(Extract from a chapter)
Startled out of his reverie of exhaustion by a sudden feeling of being watched, Jesus looked up in surprise and caught sight of a woman balancing her water pot and advancing towards the well. Who was she, he wondered. Why would she come to the well at such an hour, in the hottest part of the day, and alone? She was not coming from the direction of the village; where did she live? Was she really as alone and friendless as she looked? Still conscious of the presence of his Father, he addressed these questions to him as he looked steadily at the approaching form.
She braced herself for what she knew she would meet in his eyes, for what she found in every man’s eyes – scorn, lust, contempt. Deciding that attack was the best form of defence, she tilted her chin up and hardened her face into a bold look of defiance. She walked forward and looked him full in the face, searching for the arch of the eyebrow, the curl of the lip.
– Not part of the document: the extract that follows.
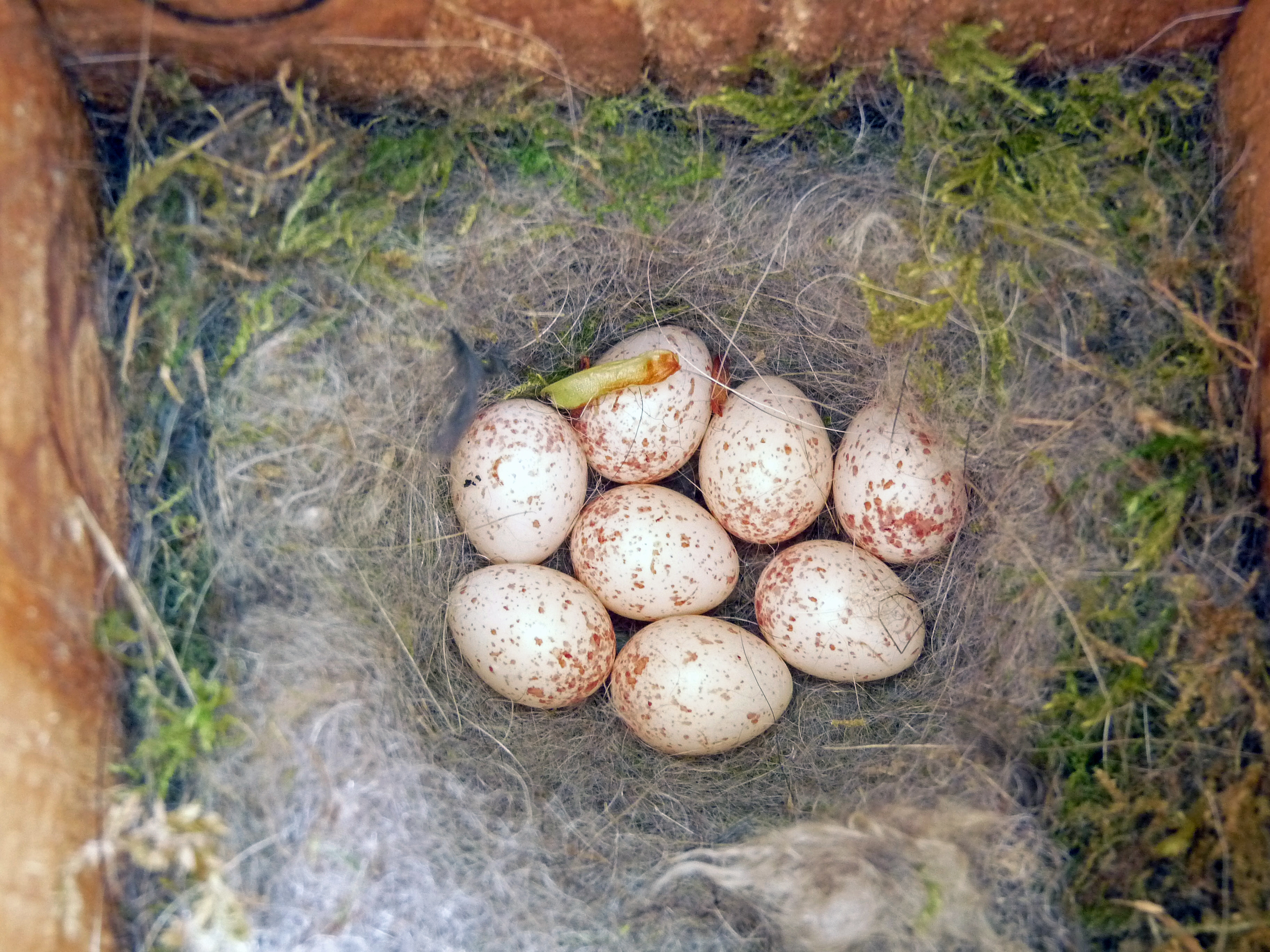 Latin name Parus major Family Tits (Paridae) Overview The largest UK tit - green and yellow with a striking glossy black head with... Where to see them ... When to see them All year round. What they eat Insects, seeds and nuts.

The gaze that met hers completely undermined her defences. It was different from anything she had ever seen before. There was a slightly puzzled, questioning look, but the face was perfectly friendly. It struck her more for what she did not see in his expression – no derision or disdain, nothing that made her feel impure or defiled. There could not have been more than a year or two between them in age, and he was a complete stranger, yet she couldn’t get it out of her head that he looked both fatherly and familiar. She had put her water pot down on the ground and was simply staring at him, quite nonplussed by the situation. For the moment she had completely forgotten her errand.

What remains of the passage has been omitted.